DATA FOR ANALYSIS

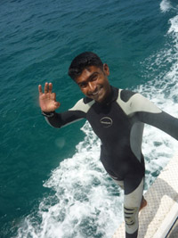 PADI 다이브마스터가 되기 전에 저는 상업 다이버이자 군대 다이버였습니다. 레크레이셔널 다이빙을 시작한 후에 저는 이것이 저의 다이빙 경력을 더욱 넓힐 수 있는 것이라는 것을 깨달았죠. 다이브마스터 코스는 정말 훌륭한 경험이었고 PADI 시스템을 알 수 있도록 기회를 준 강사들 잰 스와르츠와 샤만 프리바 카루파하나에게 감사를 드리고 싶습니다.
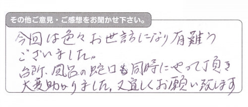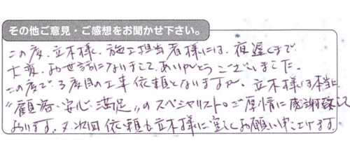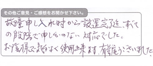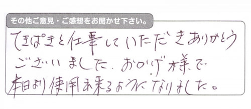 ご利用頂いたお客様から当社のご意見・感想が届きました。
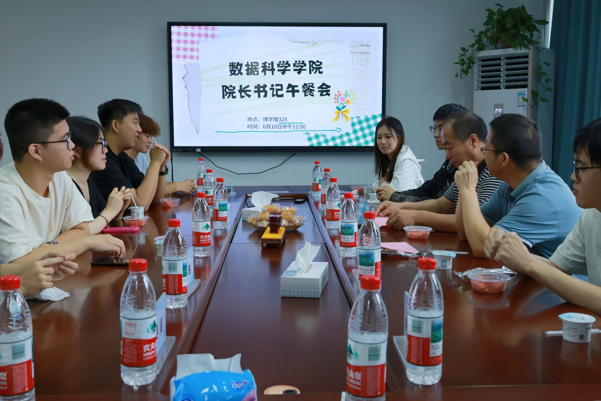 为深入贯彻中央八项规定精神,切实践行密切联系群众的优良作风,万象城娱乐awc线路积极搭建师生交流桥梁,6月10日中午,万象城娱乐awc线路以“‘食’光暖意 共话成长”为主题,举办了一场别开生面的院长书记午餐会。学院院长宁自军、党委书记黄金珠、学工办辅导员及10余位学生代表围坐一堂,在轻松氛围中对话交流。
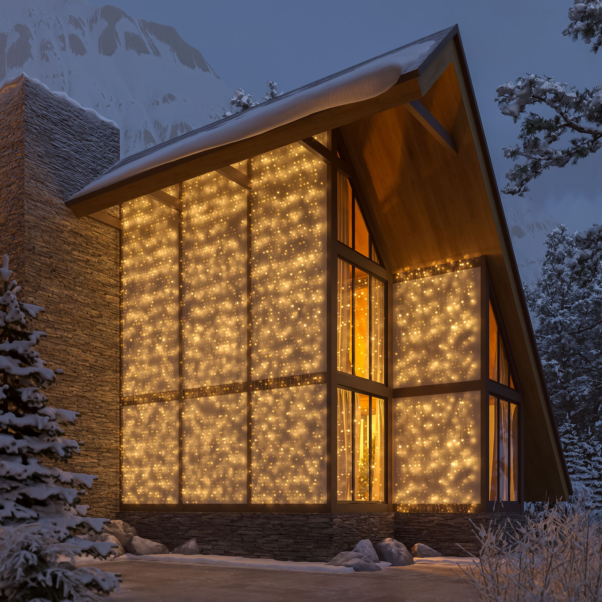 Светодиодный Занавес Classic. Размер 2000x3000 мм (длина 2000 мм, высота 3000 мм). 20 ниспадающих нитей длиной 3000 мм. 760 светодиодов размером 7 мм. Цвет свечения ТЕПЛЫЙ БЕЛЫЙ (3000 К), постоянное свечение и 8 динамических эффектов с резким световым рисунком (прозрачная вогнутая линза). Провод прозрачный, ПВХ. Питание 230 В, Мощность 60 Вт, защита IP65, применение в помещении и на улице под навесом. Аксессуар для подключения и выбора режима свечения в комплекте.
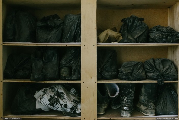 Зайдя внутрь, в коридоре мы заметили большое количество мужской зимней обуви, упакованной в пакеты.
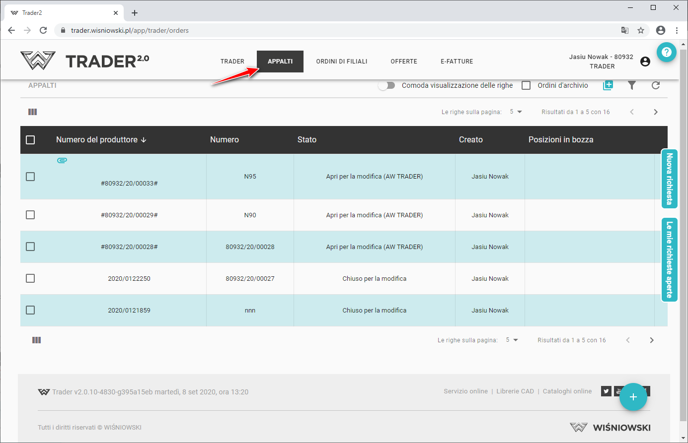 Passa il mouse sull'ordine che desideri stampare (1). Apparirà, tra le altre, l'icona (2).
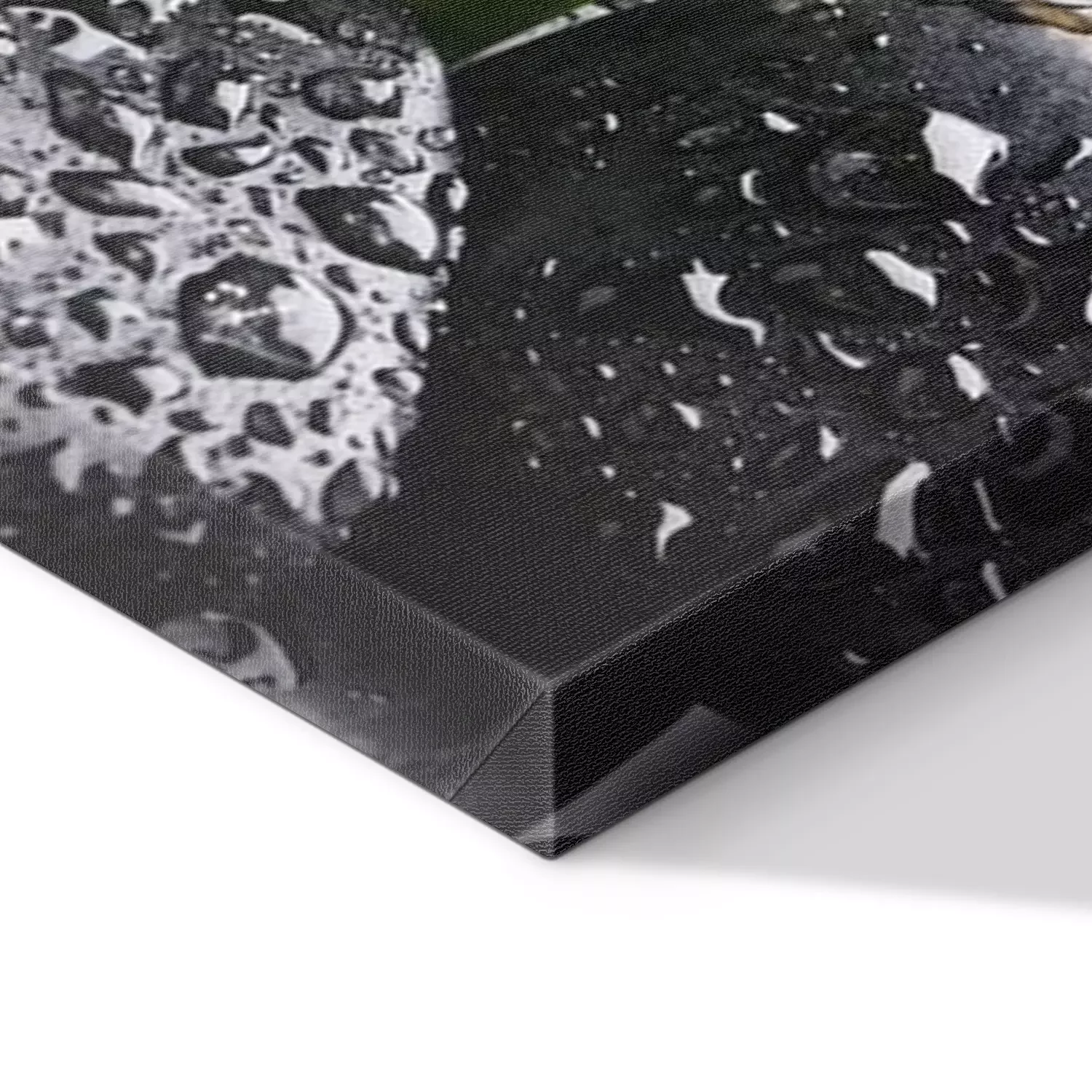 De print wordt aangebracht op hoogwaardig canvas dat op een schildersweefgetouw (spieraam) wordt gespannen. Omdat de print de zijranden bedekt, hoeft het ontwerp niet met een extra kader te worden omlijst. Wij raden ook composities aan die uit meerdere foto's bestaan en zo een coherente compositie vormen.
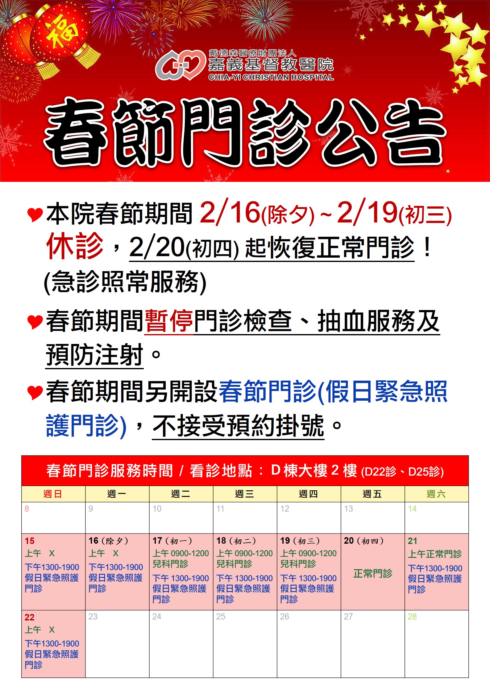 2026春節門診公告
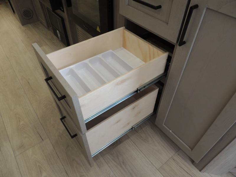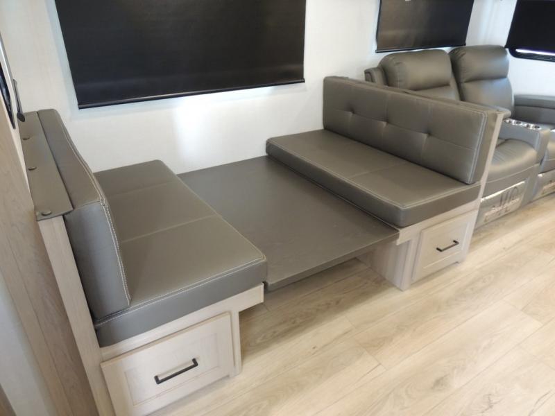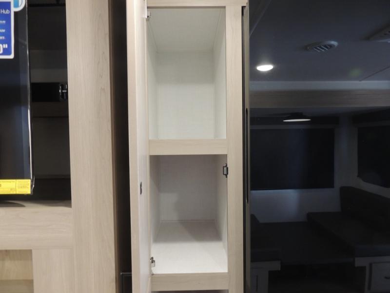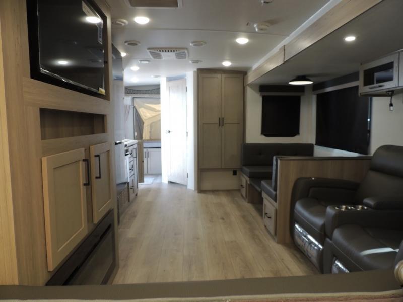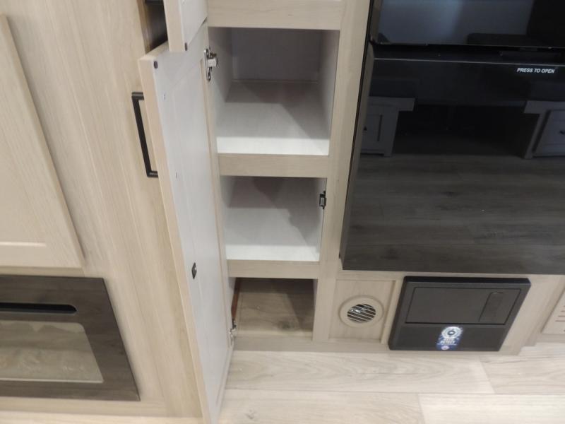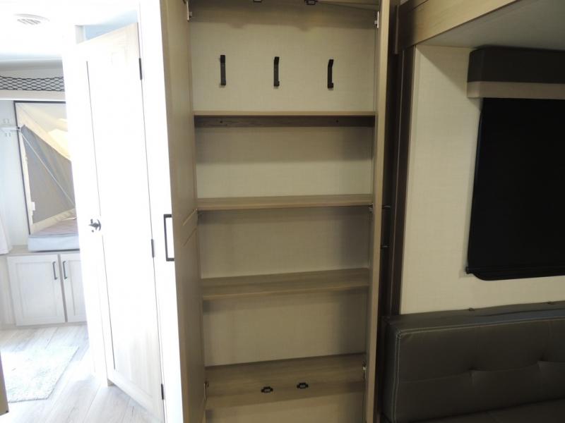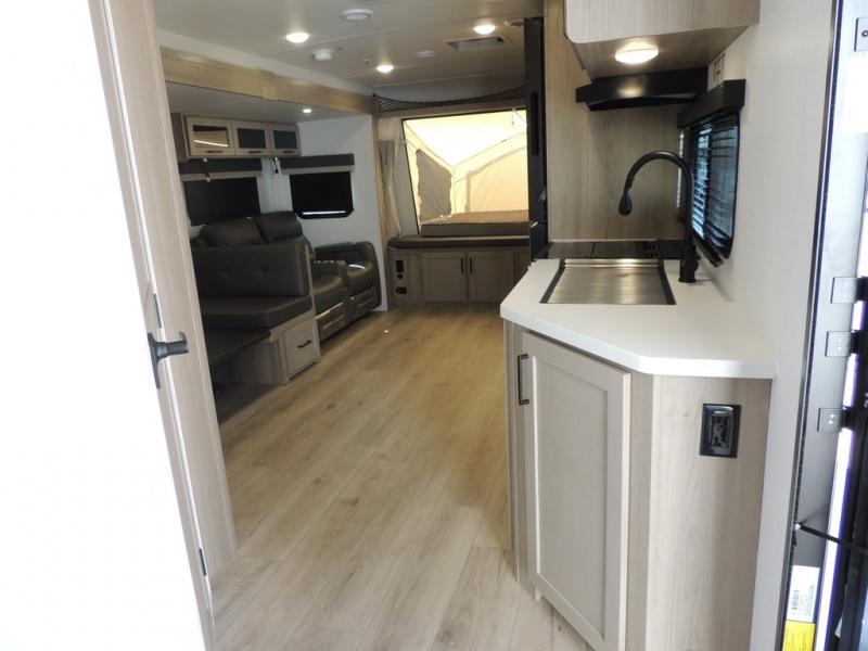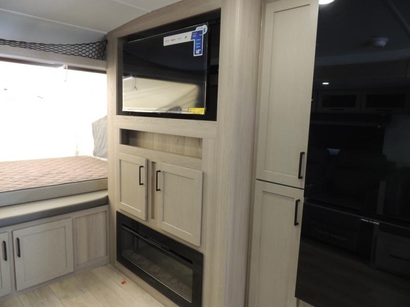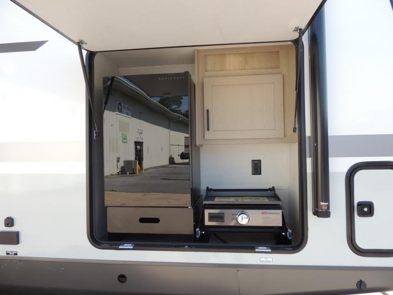 You will feel right at home in this spacious expandable thanks to the large slide out and the fireplace with a TV. Within the slide you'll find a booth dinette and hide-a-bed sofa, or you can choose the optional theater seat in place of the sofa. There is a full kitchen with a three burner cooktop, a 12V refrigerator, plus a microwave oven, and if you enjoy cooking outdoors, you're going to love the outside kitchen! You'll also find an 18' power awning outdoors, along with three exterior storage compartments and Solid Step entry steps.
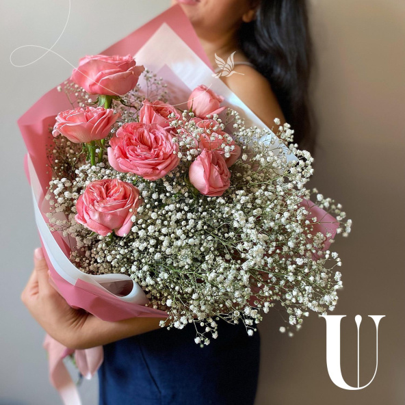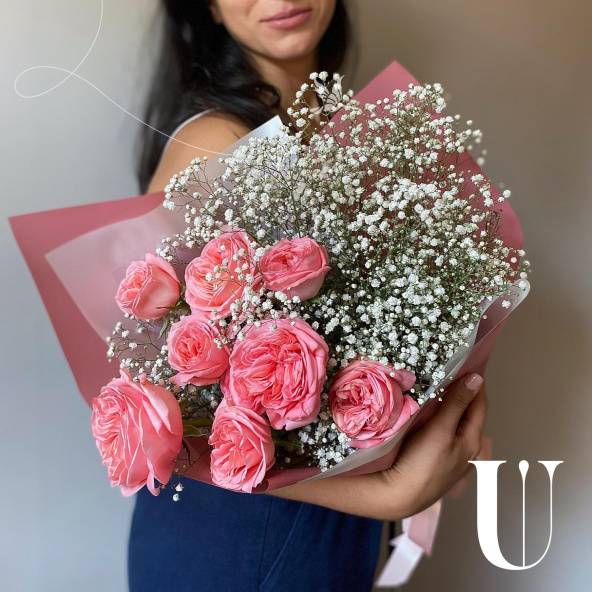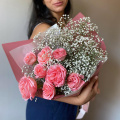 - Роза кустовая пионовидная садовая, цикламен, 40 см. - 9 шт
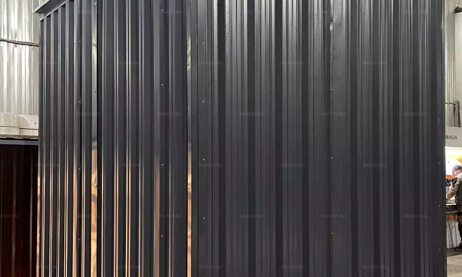 Нами была изготовлена люксовая конструкция размером 2,3 х 3,15 х 2,7 м с двускатной крышей в стильном и строгом графитовом цвете RAL 7024. Поверх OSB плиты был уложен металлический лист с чечевичным рифлением толщиной 1,5 мм.
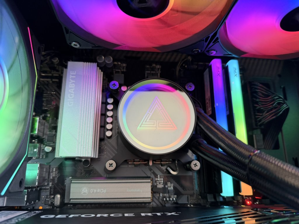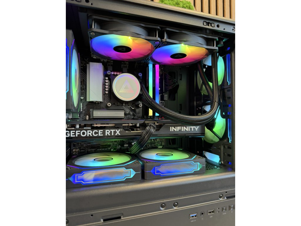 Vodné 2x120mm bez údržbové ARGB chladenie. Teploty procesora nepresahujú viac ako 68°C
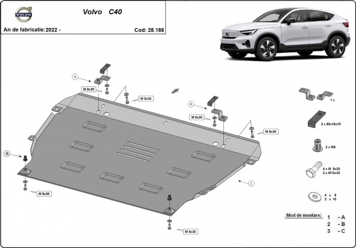 Cache sous moteur et de la boîte de vitesse Volvo C40 (2022-2026)
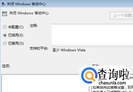 在右边找到“Windows移动中心”,在上面双,会看到“关闭Windows移动中心”是“已启用”状态(Windows移动中心关闭了,当然打不开了)。在上面双击。
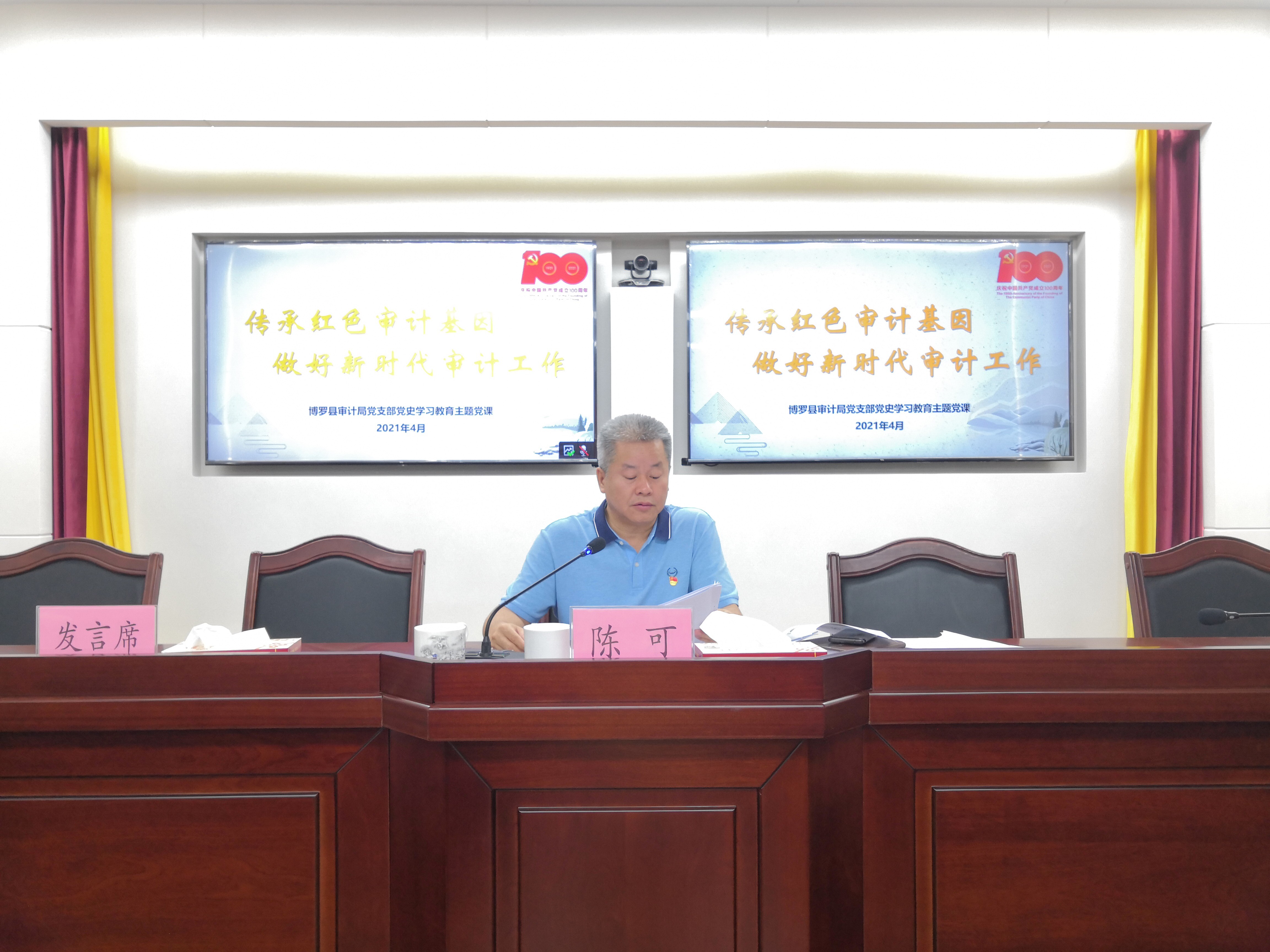 为深入开展党史学习教育,从党史中汲取智慧和力量,引导全体审计人员学党史、悟初心、办实事、履职责,4月30日上午,县审计局举办了党史学习教育专题党课报告会,局党组书记、局长、局党支部书记陈可作专题党课报告,县审计局全体审计人员参加报告会。

ACTIVITY
The lines wanted are those from the start of the material above through the line with "为深入贯彻中央八项规定精神,切实践行密切", both included; print them exactly and skip any picture.

RESPONSE TO THIS TASK
 PADI 다이브마스터가 되기 전에 저는 상업 다이버이자 군대 다이버였습니다. 레크레이셔널 다이빙을 시작한 후에 저는 이것이 저의 다이빙 경력을 더욱 넓힐 수 있는 것이라는 것을 깨달았죠. 다이브마스터 코스는 정말 훌륭한 경험이었고 PADI 시스템을 알 수 있도록 기회를 준 강사들 잰 스와르츠와 샤만 프리바 카루파하나에게 감사를 드리고 싶습니다.
 ご利用頂いたお客様から当社のご意見・感想が届きました。
 为深入贯彻中央八项规定精神,切实践行密切联系群众的优良作风,万象城娱乐awc线路积极搭建师生交流桥梁,6月10日中午,万象城娱乐awc线路以“‘食’光暖意 共话成长”为主题,举办了一场别开生面的院长书记午餐会。学院院长宁自军、党委书记黄金珠、学工办辅导员及10余位学生代表围坐一堂,在轻松氛围中对话交流。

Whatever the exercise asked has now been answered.